If you are receiving one channel on a frequency, you are receiving them all.

ATSC channels and subchannels are all carried in the same RF signal.

If one channel is not decoding. the problem is at the station.

Give them a call, perhaps they are only transmitting a blank channel.


----------



## crodrules (Nov 21, 2016)

Michael P said:


> NOTE: I have been reporting the OTA guide issues for my DVR in the Cleveland DMA since the beginning and nothing has ever changed...


Could you please add WMFD 068-01 to your list of OTA guide issues? (if you are still tracking this issue, and if WMFD was not already on your list) We are at the outer fringe of the Cleveland DMA, so you may not receive our station OTA where you are, but you would receive WMFD via satellite on Dish channel 012-00 (SD and HD) with the proper guide information.

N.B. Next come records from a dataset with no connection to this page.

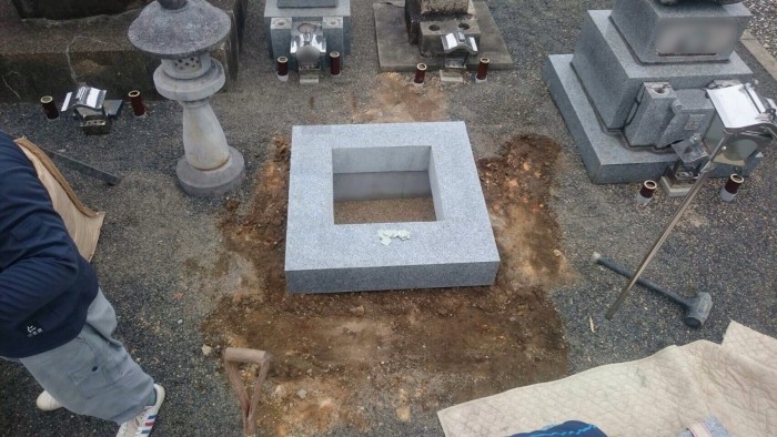 敷石を据付けます。この敷石はお墓の一番下の石になります。
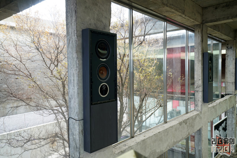 그리고 위를 보면 스피커들이 촘촘히 달려 있는데요. 소리와 함께 눈과 귀를 사로 잡는 색다른 전시 공간을 느낄 수 있습니다.
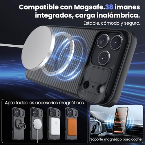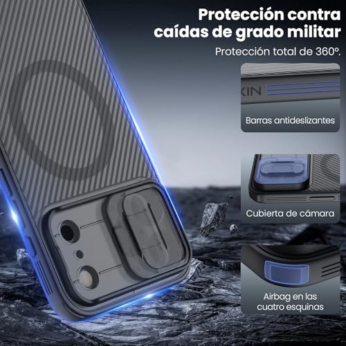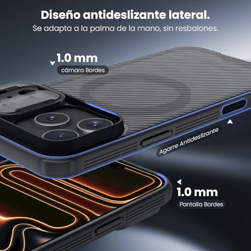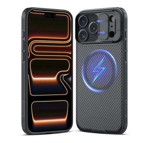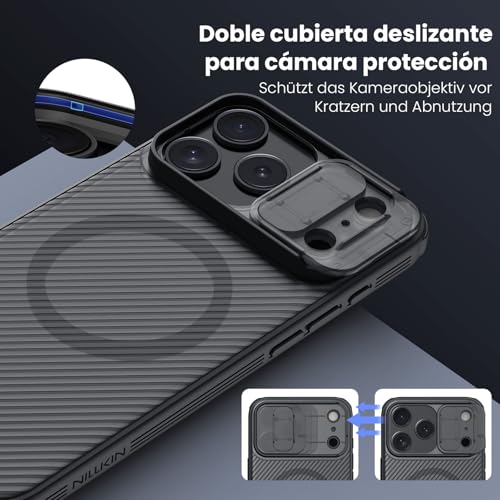 Nillkin - جراب حماية مغناطيسي مع غطاء منزلق للكاميرا لموبايل آيفون 17 برو ماكس، جراب حماية رفيع متوافق مع آيفون 17 برو ماكس 6.9 بوصة من نيلكن، لون أسود شفاف

At some point (long before this thread was started, and this is an *old* thread) the link to map the satellite-delivered guide data to the OTA channel was broken, and it has never been fixed, even though Dish still uplinks the guide data.


----------



## James Long (Apr 17, 2003)

WMFD Mansfield ... The DISH receiver is looking for a station transmitting TSID 08F1 (2289 decimal) - which is correct according to the FCC. The station (according to RabbitEars.info) is transmitting TSID 0001. The station needs to correct the error on their transmitter.


----------



## crodrules (Nov 21, 2016)

James Long said:


> WMFD Mansfield ... The DISH receiver is looking for a station transmitting TSID 08F1 (2289 decimal) - which is correct according to the FCC. The station (according to RabbitEars.info) is transmitting TSID 0001. The station needs to correct the error on their transmitter.


Thank you for this information. I will pass this along to my contact, and come back here to update if the problem gets fixed. :thumbsup:


----------



## Michael P (Oct 27, 2004)

crodrules said:


> Could you please add WMFD 068-01 to your list of OTA guide issues? (if you are still tracking this issue, and if WMFD was not already on your list) We are at the outer fringe of the Cleveland DMA, so you may not receive our station OTA where you are, but you would receive WMFD via satellite on Dish channel 012-00 (SD and HD) with the proper guide information. At some point (long before this thread was started, and this is an *old* thread) the link to map the satellite-delivered guide data to the OTA channel was broken, and it has never been fixed, even though Dish still uplinks the guide data.


I can't get WMFD as an OTA signal, it's the only station in my DMA that I can't receive. (I live in the middle of the Cleveland "antenna farm" and also get WKBN from the Youngstown DMA, but that excellent signal is going bye-bye in the repack  ).


----------



## Michael P (Oct 27, 2004)

There is a new problem with guide data. The "repack" has begun in the Cleveland DMA. WOIO and WUAB are now sharing WOIO's RF 10 carrier. After doing a rescan (I tried several times) WUAB's guide data is a mirror of the 2 WOIO subchannels. The guide data for 19.1 (CBS) and 19.2 (MeTV) is mirrored on 43.1 (supposed to be MyNet) and 43.2 (supposed to be Bounce). NOTE: It's not the station's signal at fault. Rescanning my Samsung TV got the correct PSIP data including current and next program's guide data. Only the Dish DVR (a 622) gets it wrong.


----------



## James Long (Apr 17, 2003)

Michael P said:


> NOTE: It's not the station's signal at fault. Rescanning my Samsung TV got the correct PSIP data including current and next program's guide data. Only the Dish DVR (a 622) gets it wrong.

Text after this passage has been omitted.